Lucy24, to my understanding that would ruin the effect. If I were to reference a deindexed page, the deindexed page can't reference back and so GSC would report the hreflang as faulty.

And, the idle question: No, a browser wouldn't care at all. But, how I imagine this works: I'm in France on a French IP but my browser's language settings are German, I search for 'iPhone'. If the fruit company has their hreflang correct - which I don't know if it's the case - the search engine could choose to show the fruit company's German site, despite me being in France.
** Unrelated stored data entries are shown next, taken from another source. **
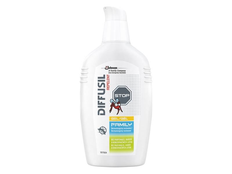 Diffusil repelent Family gel zajišťuje efektivní ochranu pokožky proti komárům až 4 hodiny.
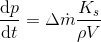 According to this model, the temporal change in pressure is proportional to the difference in incoming and outgoing mass flows, multiplied with the bulk modulus and divided by the density and volume of the fluid in the respective component.
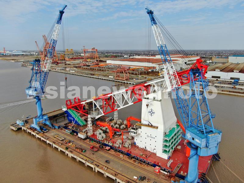 2022年1月1日在振华重工启东海洋工程拍摄的世界最大打桩船。
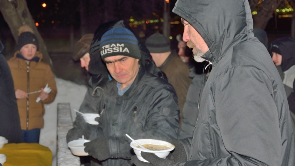25 января, юноши и девушки с Патриаршего Подворья приготовив в полевой кухне горячий обед, выехали на Киевский вокзал, что бы покормить вместе с Православными добровольцами бездомных. Горячие гороховый суп, солдатская каша и сладкий чай в двадцатиградусный мороз были как никогда кстати.
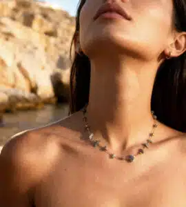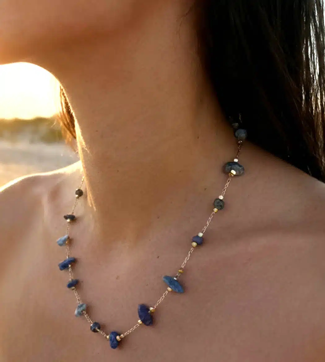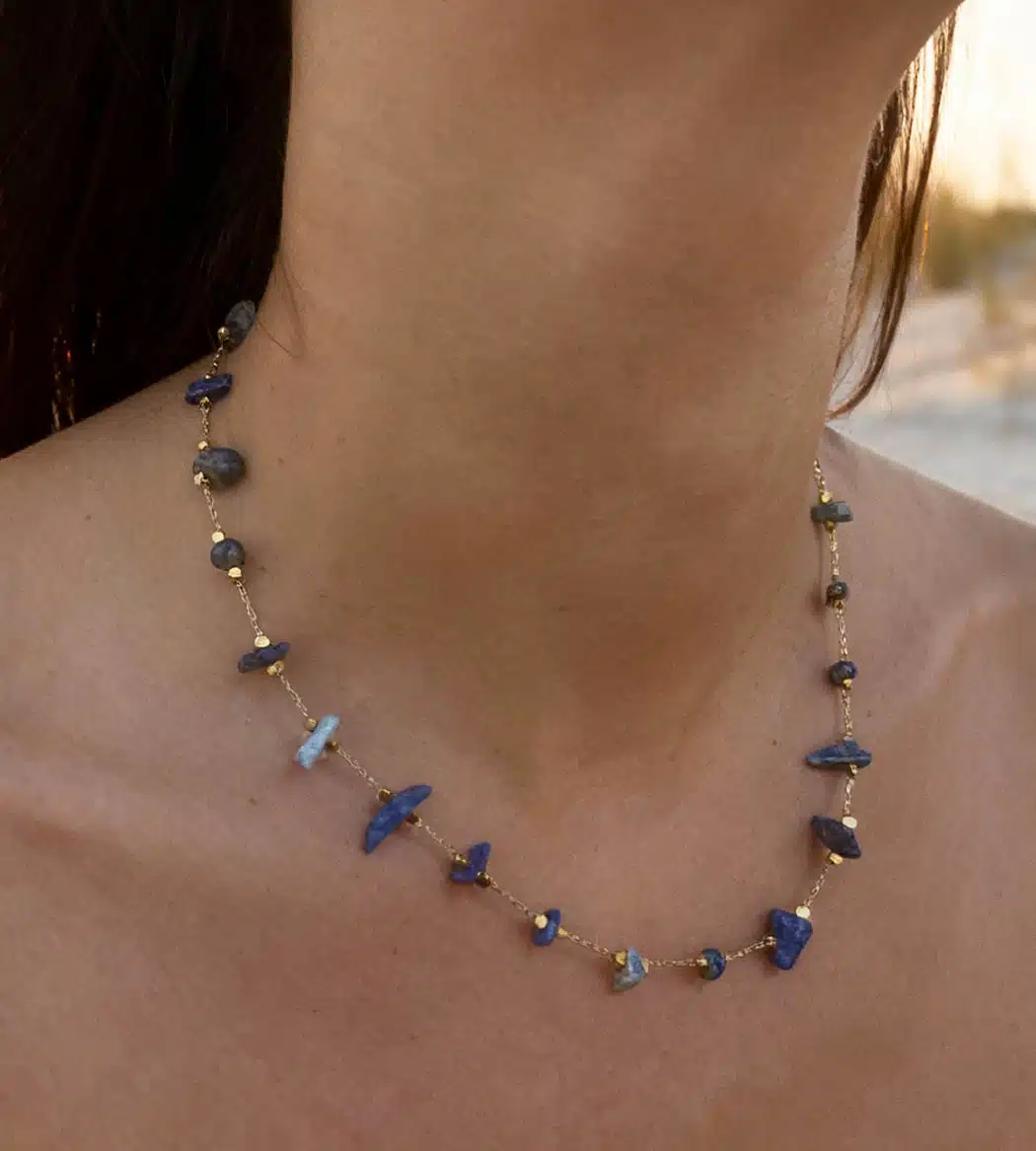 Collier fin dorée serti de pierres de lapis-lazuli brutes, ponctuées de micro-perles dorées. Chaque fragment est unique — comme des galets ramassés sur une plage des Cyclades — pour un rendu irrégulier qui donne une ligne moderne, légère, facile à superposer. Parfait seul pour une touche azurée, ou en layering avec vos médailles dorées.

That would be the reason for my question. But, come to think of it. The answer is simple. I think the alternative language version is rubbish, why would I want to reference it anywhere?

Thanks!

lucy24

7:37 pm on Feb 20, 2019 (gmt 0)

WebmasterWorld Senior Member 10+ Year Member Top Contributors Of The Month



I think the alternative language version is rubbish, why would I want to reference it anywhere?
If it's genuinely rubbish, why would you want to have it on your site in the first place?

:: vague recollection of netmeg saying that she never nofollows links, because it's either worth linking to or it isn't (except that her wording was more elegant) ::

tangor

12:41 am on Feb 21, 2019 (gmt 0)

WebmasterWorld Senior Member 10+ Year Member Top Contributors Of The Month



Our site has an alternative language version, but it's unmaintained and rubbish, and I won't have it indexed (it's not an option to remove it, unfortunately).

Then let it die, quietly, not help, no effort, just ignore it. Anything you do to address it will only make the problem more obvious.

Do nothing.

A zillion others will have other opinions, YMMV.

Me, I just delete the rubbish and keep on truckin'.

dennisjensen

7:41 am on Feb 21, 2019 (gmt 0)

5+ Year Member Top Contributors Of The Month



Thank you for response, everyone!

I'm afraid, I'm not Surpreme Chancellor on the site, so a complete removal of the alternative language version is not happening. But, I will ignore it and leave it out of the hreflang.